Hopefully these first simple steps will start to help me feel better.
No, not me, but time.
My expectation that I’d have more time today was highly inaccurate. A meeting combined with a long overdue clean up of my email inbox took care of this morning. Lunch, a quick play with the monkeyboy and it was time to go and collect the monkeygirl from school. This was followed by a visit to the optician to get the monkeygirl’s glasses repaired (again!). When we got home it was a quick bath for the monkeygirl (she cut both her knees during outdoor P.E. and needed some grit soaking out) and then some quiet time with the children upstairs while the husband had to take a phone call. Children’s tea, supper,bed and then dinner for the monkeyfather and l, and suddenly its gone 9pm.
I need to get myself on some sort of schedule to stay on top of things better, I’ve been so busy this week that I’ve struggled to stay on top of the housework let alone myself imposed commitment to NaBloPoMo. l don’t want to stop that, writing (even random gibberish) has been helpful to how I’ve been feeling. My depression has definitely not appreciated me being overtired and busy this week. I’ve become more aware of how much I need rest, and more specifically a reasonable amount of sleep. As much as I hate eating separately to the monkeyfather in an evening I think l may need to do that more often. If he’s working in the office the monkeyfather is unlikely to be home much before 7:20, cooking a dinner from scratch after putting the children to bed at 7:30 leaves us eating after 8pm (on a good day). That results in us heading up to bed after 10 pm, by the time l actually go to sleep it’s often after 11. Our alarm goes off at 6 in the morning, l don’t function very well on less than 7 hours of sleep at the best of times. l don’t quite know what the best way is for me to get myself in a better routine to try to help me but I think it needs to be a priority.
One of the things that has come up in my discussions with my counsellor/therapist is the lack of a sense of purpose in my life. Yes, I have my amazing children and my awesome husband, but I’m ‘just’ a mummy. Where is ‘Hannah’ in what I do?

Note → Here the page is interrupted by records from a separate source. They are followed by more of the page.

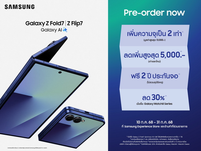 ซัมซุงเปิดสั่งจองล่วงหน้า Galaxy Z Fold7 และ Galaxy Z Flip7 กับโปรสุดคุ้ม ฟรี! คุ้มครองจอ 2 ปี วันนี้ - 31 ก.ค. นี้เท่านั้น เป็นเจ้าของ "พับที่เหนือกว่า" ก่อนใคร
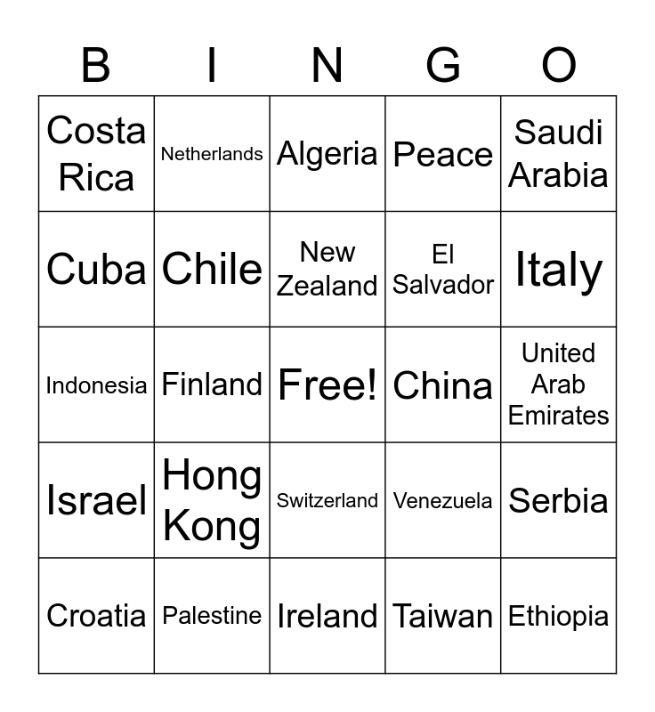 This bingo card has a free space and 85 words: Afghanistan, Albania, Algeria, Argentina, Armenia, Australia, Azerbaijan, Bangladesh, Bhutan, Brazil, Cambodia, Canada, Chile, China, Colombia, Costa Rica, Croatia, Cuba, Czechia, Denmark, Egypt, El Salvador, Ethiopia, Fiji, Finland, France, Germany, Greece, Guatemala, Honduras, Hong Kong, Hungary, India, Indonesia, Iran, Iraq, Ireland, ISB, Israel, Italy, Japan, Jordan, Kenya, Latvia, Lebanon, Malaysia, Mexico, Micronesia, Morocco, Nepal, Netherlands, New Zealand, Nigeria, North Korea, Norway, Pakistan, Palestine, Peace, Peru, Philippines, Poland, Portugal, Puerto Rico, Romania, Russia, Saudi Arabia, Scotland, Serbia, Singapore, Solomon Islands, South Africa, South Korea, Spain, Sri Lanka, Sweden, Switzerland, Taiwan, Tibet, Turkey, Ukraine, United Arab Emirates, United Kingdom, United States, Venezuela and Vietnam.
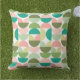 Un diseño geométrico moderno en tonos verdes y rosas. Inspirado por el diseño moderno de mediados de siglo, este patrón tiene formas y círculos audaces en el aspecto gráfico moderno.
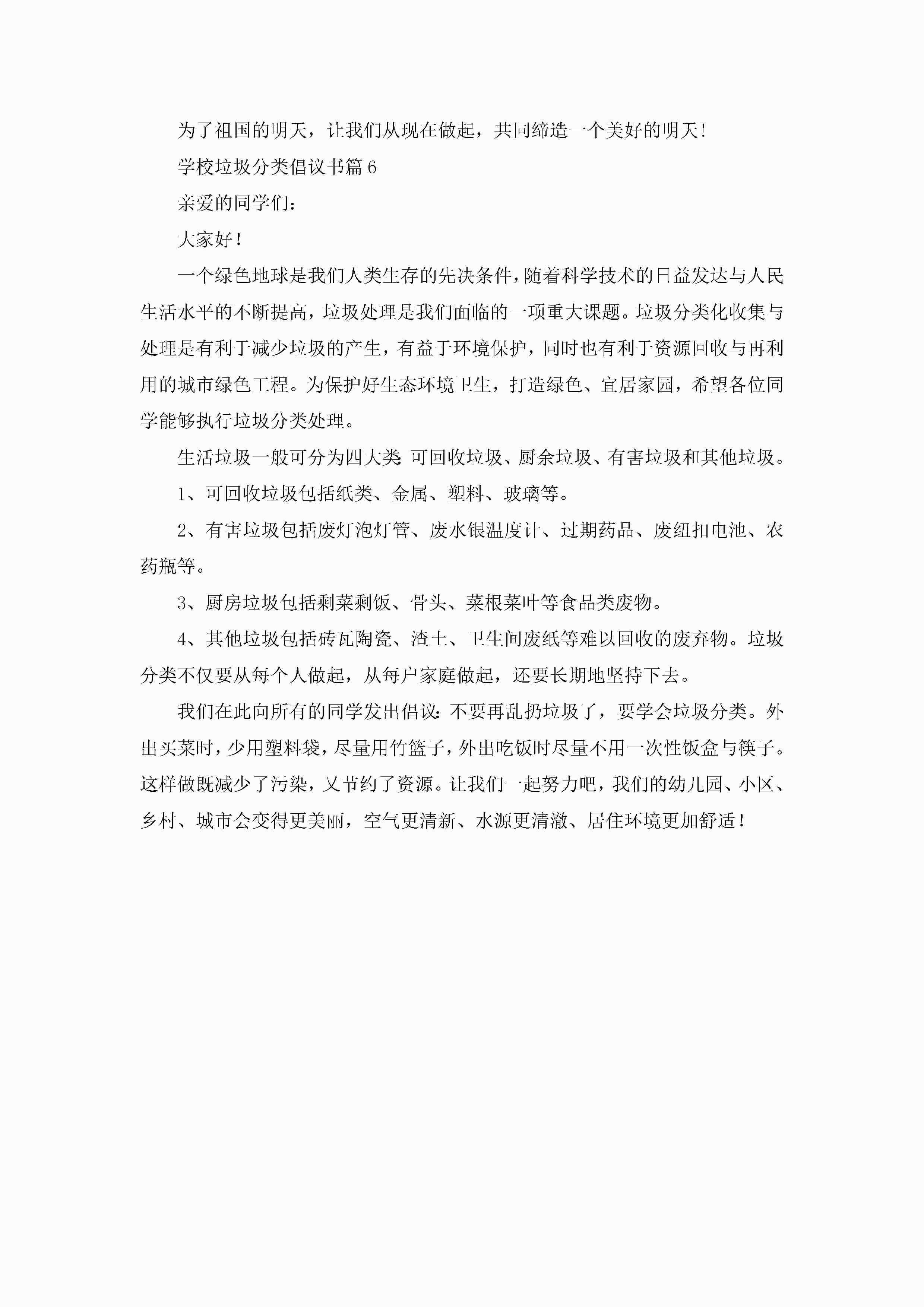 学校垃圾分类倡议书6篇jugei3月22日 16:29发布关注194 学校垃圾分类倡议书6篇此内容为付费资源,请付费后查看¥10.9 单篇文档限时特惠¥15个人会员开通企业会员开通立即下载无需登陆!可直接快捷下载单个模板付费资源© 版权声明THE ENDWord模板# 实用文档# 实用模板# 信函模板# 倡议书 如有问题,可点击最底部“联系我们”联系客服 分享QQ空间微博QQ好友海报分享复制链接收藏
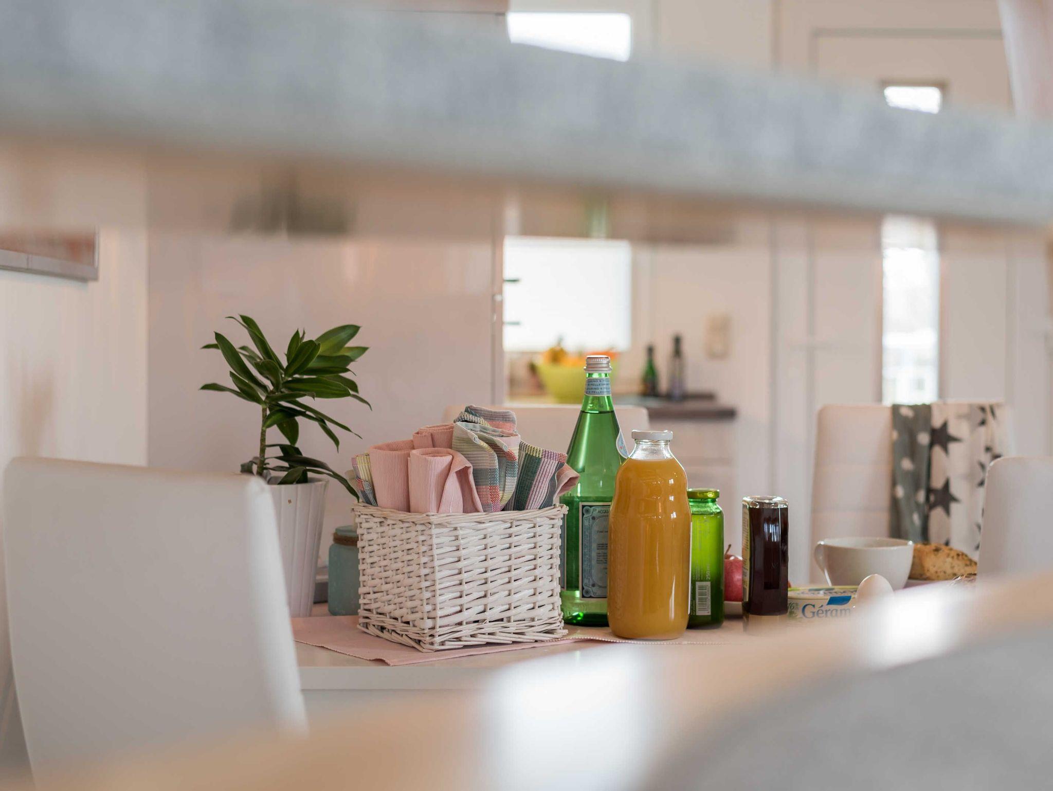 Zudem sind in der Unterkunft ein Staubsauger, ein Dampfbügeleisen mit Tischbügelbrett sowie eine Bücher- und Spielesammlung vorhanden.
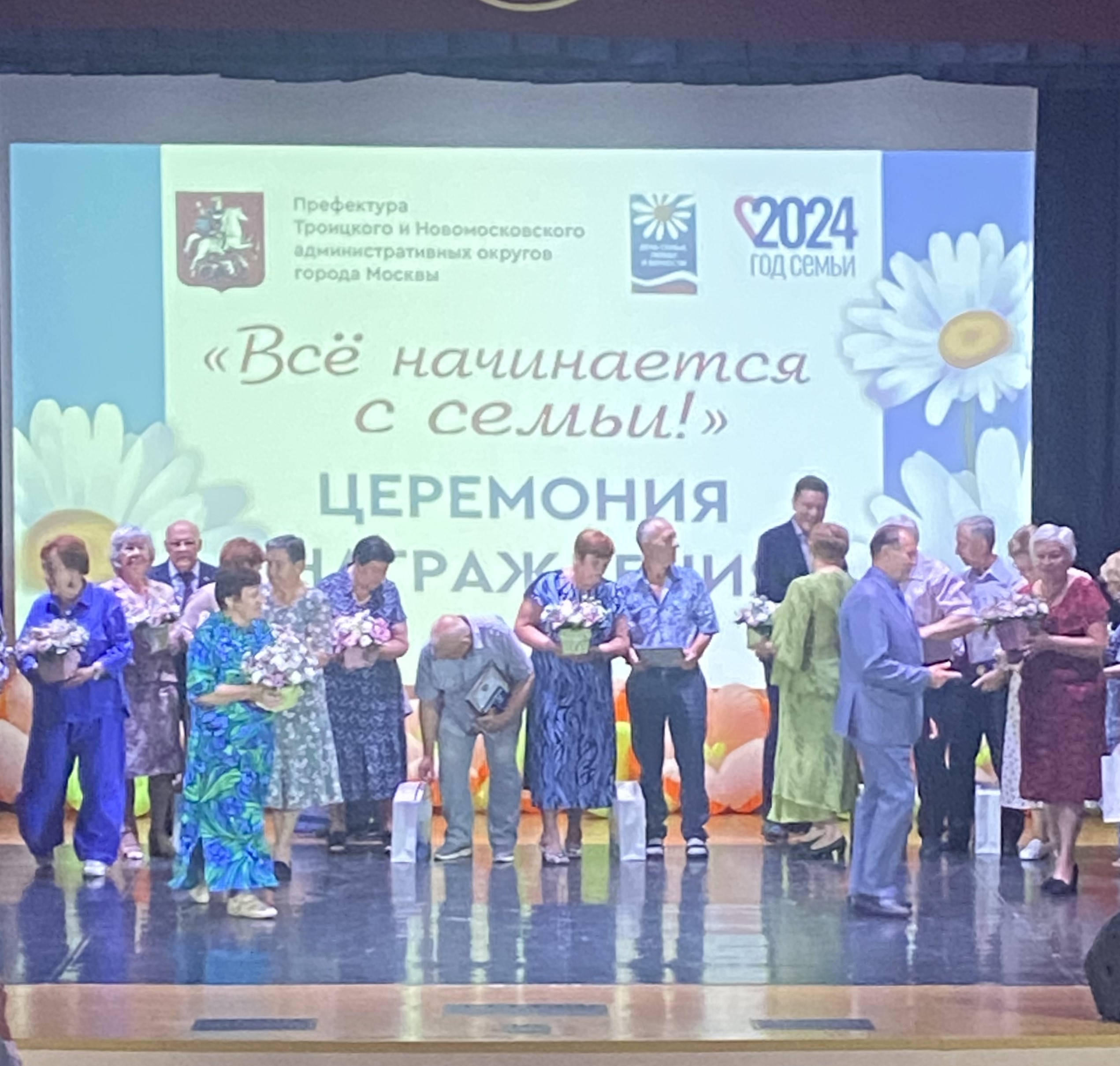 В самом начале мероприятия на сцену были приглашены семейные пары из поселений ТиНАО г. Москвы. Все эти пары прожили в браке не менее 45 лет
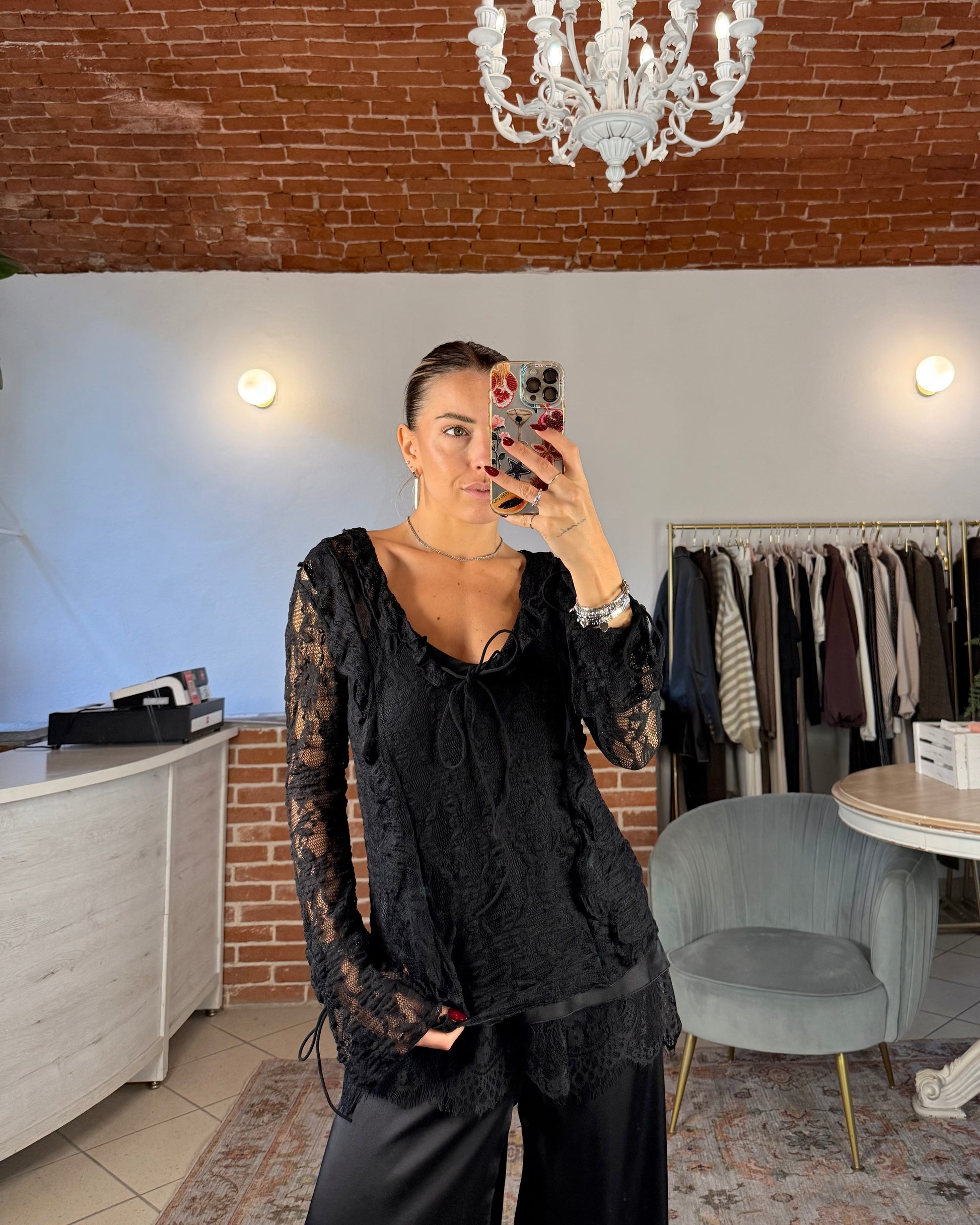 Maglietta in pizzo trasparente con laccetti. La canotta è venduta separatamente.
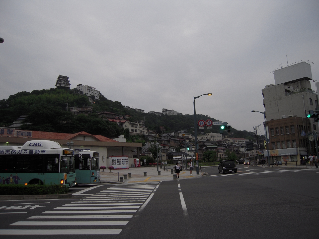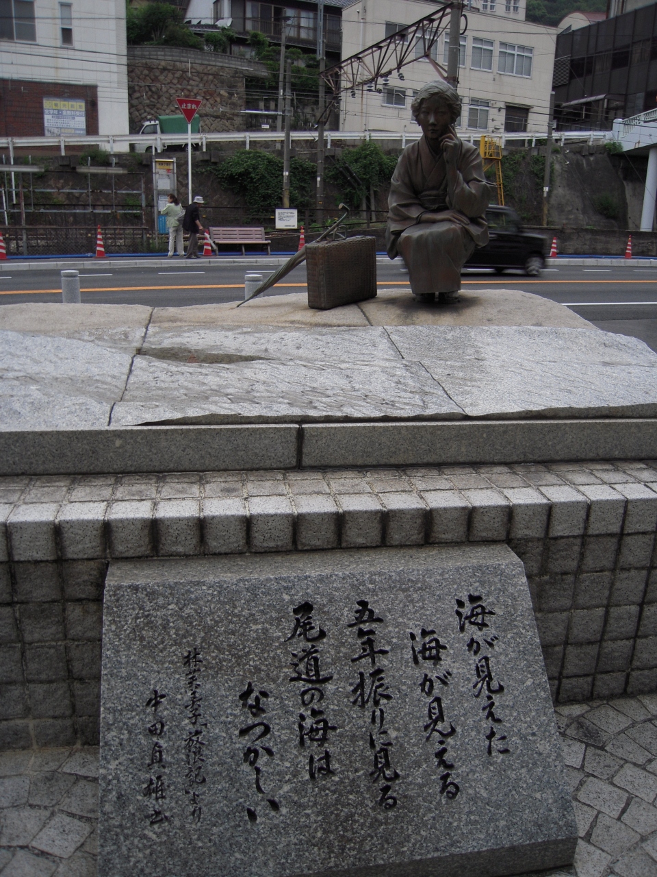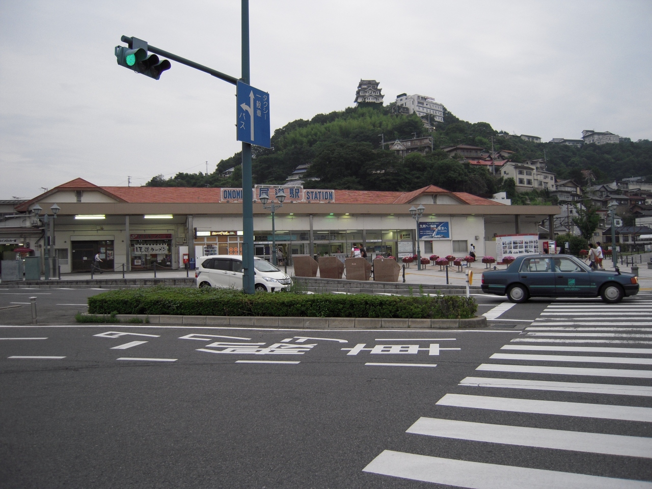 可愛らしい駅舎は海のそばで島に行くには便利だが、反対側はすぐ山
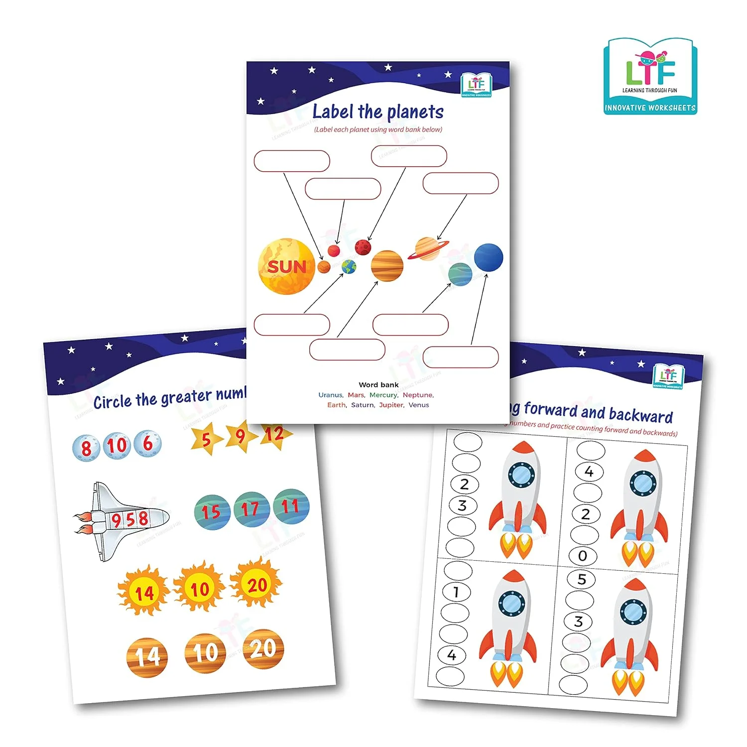 • The Space activity book introduces children to outer space, with activities such as labeling planets of the solar system introduces children to a whole new concept, discussion, and awareness.

My role as a school governor is something that my counsellor noticed causes me to brighten up when I talk about it (obviously only generally, in that it is a part of my life and something I enjoy – there are no details in what I have said). I have also started working occasionally as emergency staff at a preschool. I’ve done a couple of shifts over the past couple of months and I have loved it. Its only minimum wage work as an assistant in the kitchen and dealing with snack time but it’s brilliant. I love working with children and I didn’t really realise how much I missed it in the years since I gave up teaching. I don’t want to go back to full time teaching while the children are at home, for me family time is too important, the pressures put on teachers today and the amount of paperwork mean that I simply wouldn’t get enough quality time with my monkeys. I remember my wonderful mum working so hard and for so many hours keeping on top of planning and paperwork when I was little. Dad was home full time with my sister and I, but I did wish I could have a little bit more time with Mum. Maybe one day I’ll go back to work for one or two days a week, but at least for now with the monkeyboy in preschool and the monkeygirl needing to see the monkeyfather or I at the school gate it’s not an option. I have wondered about looking for work as a teaching assistant in the children’s school in the future, we’ll have to see where we are next autumn when the monkeyboy starts school.
There are so many thoughts going round, I sometimes feel the real me is hidden somewhere, that I’m not sure who I am anymore. I do pray that as I’m talking to my counsellor and discussing with the monkeyfather our future plans that I start to find me again.